Nunca fui do tipo que se enturma fácil. Tenho um pouco de vergonha de conversar com quem não conheço. Atitude receosa que tem se agravado com a idade, para desespero da minha esposa. Ela sim ama conversar. Eu, por outro lado, apenas observo sem julgamentos e aprendo.

Sempre fui curioso. E quando estou fora de casa, minha atenção é direcionada a entender os diferentes sabores, odores e cores que constroem máquinas humanas tão diferentes.

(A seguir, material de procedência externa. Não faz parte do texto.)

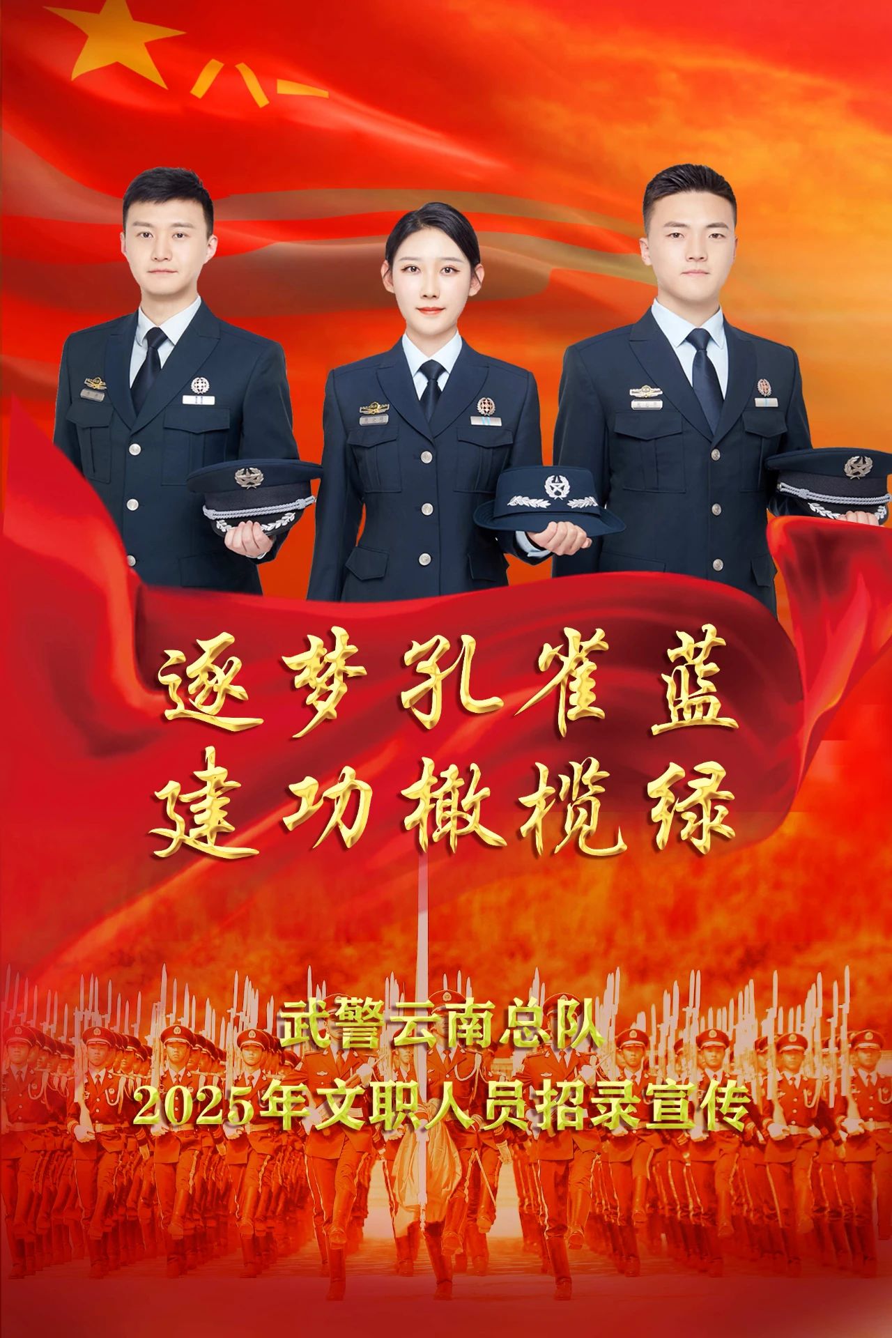 為把社會知識精英、技術精英、管理精英集聚到強軍旗幟下,推動社會人力資源優(yōu)勢轉化為部隊人才優(yōu)勢,匯聚強軍興軍的磅礴力量,根據(jù)《中國人民解放軍文職人員條例》和全軍統(tǒng)一部署,現(xiàn)就武警云南總隊關于2025年面向社會公開招考文職人員相關事宜預告如下:

Complexas em sua individualidade e na forma de enxergar o mundo. Um punhado de restos de estrelas mortas que, agrupadas, adquirem consciência. A mágica da cosmologia não está no universo além do nosso planeta, mas nas criações que estão dentro de cada um de nós.

Esse é o estado de espírito que eu fico quando descubro um lugar novo.

E foi com esse coração aberto que cheguei em Tóquio.

Existe um ditado japonês que diz: “Se você enxerga um prego, martele ele.” Em outras palavras, as diferenças não são bem-vindas em uma sociedade vigiada, hierárquica e respeitosa de suas tradições. A individualidade deve ceder espaço ao bem social, mesmo que isso seja contrário a sua natureza. Uma visão muito diferente do que eu defendo e acredito. Mas não posso negar que esse aspecto da sociedade japonesa cria condições únicas para o florescimento de pessoas. De um lado, um grupo que presa e segue a conduta estabelecida. De outro, quem aceita e expressa suas diferenças. Uma sopa contraditória interessante que ainda é temperada com muitos estrangeiros. Todos formam essa sociedade não homogênea que caracteriza Tóquio.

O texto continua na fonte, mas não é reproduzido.